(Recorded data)
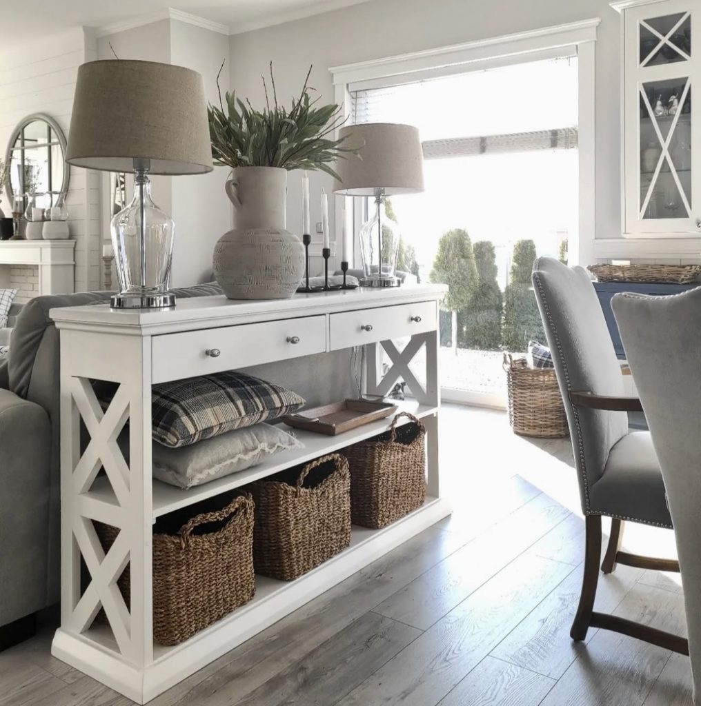 This setup is all about farmhouse practicality meeting charm. The console table behind the sofa becomes a hero piece, offering both display and hidden storage with woven baskets and decor ideas like pillows and blankets neatly arranged. Layered lamps and a ceramic vase bring height and boho textures, while the mix of woven and wooden accents feels authentic and rustic. The muted paint color palette softens the entire scene, reminding us that farmhouse design doesn’t have to feel heavy—it can be light, airy, and practical for everyday living, whether in a family home or a stylish apartment.
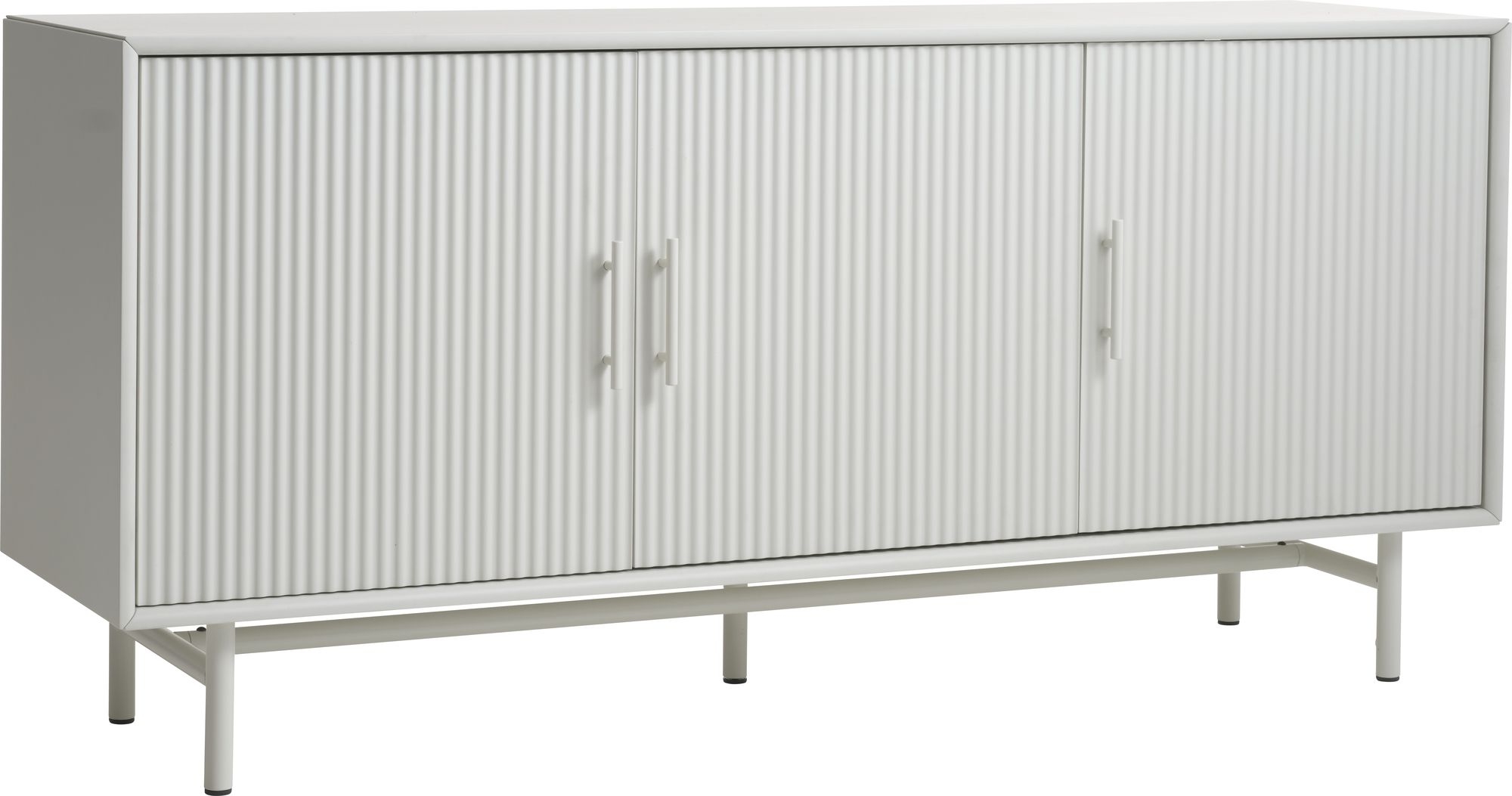 Skänken har tre dörrar och lika många hyllor med gott om utrymme för att organisera allt från serviser till böcker och prydnadsföremål. Den rektangulära formen och den vita kulören gör att skänken utstrålar en lugn och ren estetik. Det ståtliga metallhandtaget och metalldetaljerna på skänkens ben ger en industriell touch som kompletterar den annars klassiska vita looken. Med ett avstånd från golv till botten på 18 cm finns det även plats för enkel rengöring under möblerna.
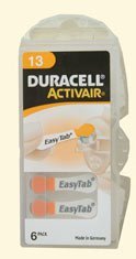 -. Feature : Duracell Activair Hearing Aid Batteries. / Size 13 batteries. / Six batteries per order. / Batteries with tabs for easy insertion.
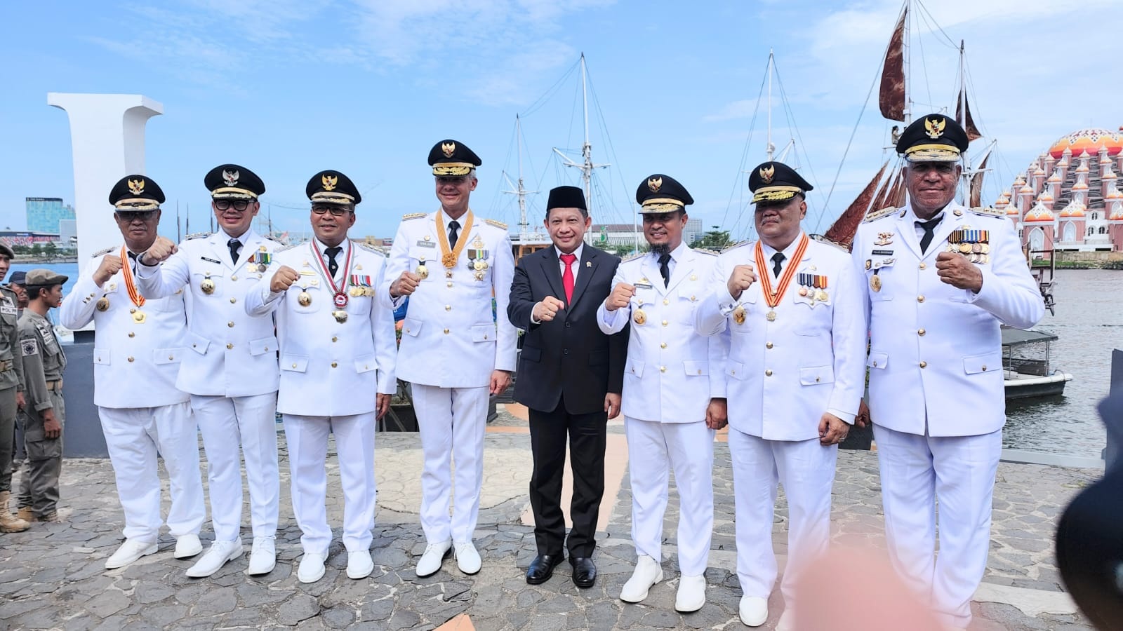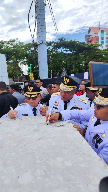 Penjabat Gubernur Papua Barat, Paulus Waterpauw bersama para Gubernur, Bupati, Walikota se Indonesia, nampak ikut menandatangani prasasti tersebut yang terletak di Pantai Losari Makasar.
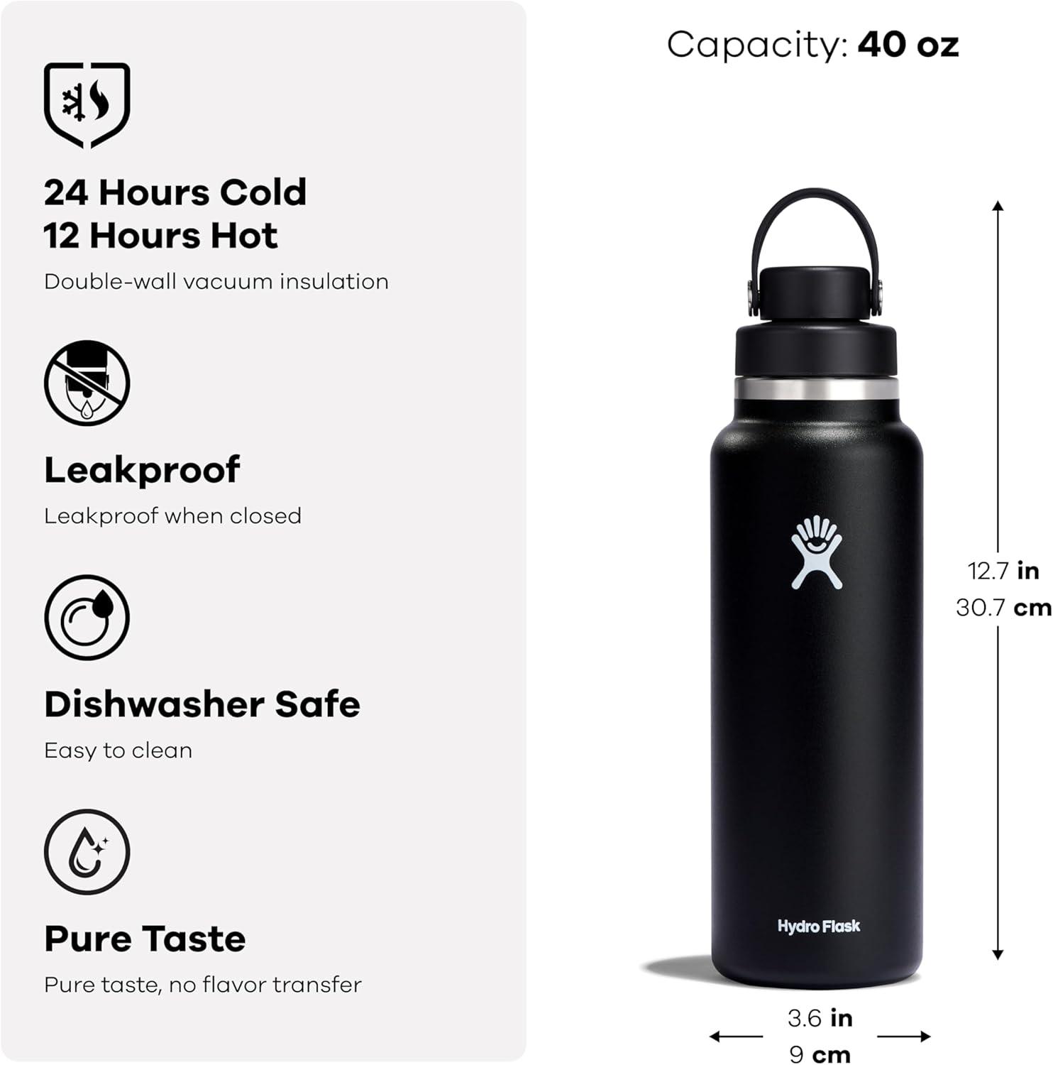 24 HOURS COLD: The insulated bottle keeps drinks cold for 24 hours thanks to double-wall vacuum insulation. Hydro Flask water bottles feature TempShield insulation, keeping contents chilled all day. Flex Chug Cap not intended for use with hot drinks.
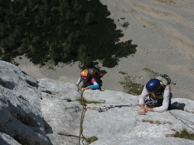 Darja izstopa iz ta težkega raztežaja smeri Tik pred dvanajsto, naveza na sliki pa je dejansko v celoti plezala navedeno smer
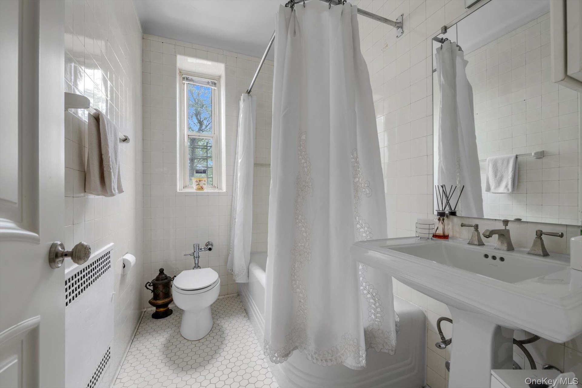 - Full bath with tile walls, shower / bathtub combination with curtain, radiator, and light tile patterned floors

Directions for this task:
Go through the entries and retype them exactly, except for the images.

Expected answer:
 This setup is all about farmhouse practicality meeting charm. The console table behind the sofa becomes a hero piece, offering both display and hidden storage with woven baskets and decor ideas like pillows and blankets neatly arranged. Layered lamps and a ceramic vase bring height and boho textures, while the mix of woven and wooden accents feels authentic and rustic. The muted paint color palette softens the entire scene, reminding us that farmhouse design doesn’t have to feel heavy—it can be light, airy, and practical for everyday living, whether in a family home or a stylish apartment.
 Skänken har tre dörrar och lika många hyllor med gott om utrymme för att organisera allt från serviser till böcker och prydnadsföremål. Den rektangulära formen och den vita kulören gör att skänken utstrålar en lugn och ren estetik. Det ståtliga metallhandtaget och metalldetaljerna på skänkens ben ger en industriell touch som kompletterar den annars klassiska vita looken. Med ett avstånd från golv till botten på 18 cm finns det även plats för enkel rengöring under möblerna.
 -. Feature : Duracell Activair Hearing Aid Batteries. / Size 13 batteries. / Six batteries per order. / Batteries with tabs for easy insertion.
 Penjabat Gubernur Papua Barat, Paulus Waterpauw bersama para Gubernur, Bupati, Walikota se Indonesia, nampak ikut menandatangani prasasti tersebut yang terletak di Pantai Losari Makasar.
 24 HOURS COLD: The insulated bottle keeps drinks cold for 24 hours thanks to double-wall vacuum insulation. Hydro Flask water bottles feature TempShield insulation, keeping contents chilled all day. Flex Chug Cap not intended for use with hot drinks.
 Darja izstopa iz ta težkega raztežaja smeri Tik pred dvanajsto, naveza na sliki pa je dejansko v celoti plezala navedeno smer
 - Full bath with tile walls, shower / bathtub combination with curtain, radiator, and light tile patterned floors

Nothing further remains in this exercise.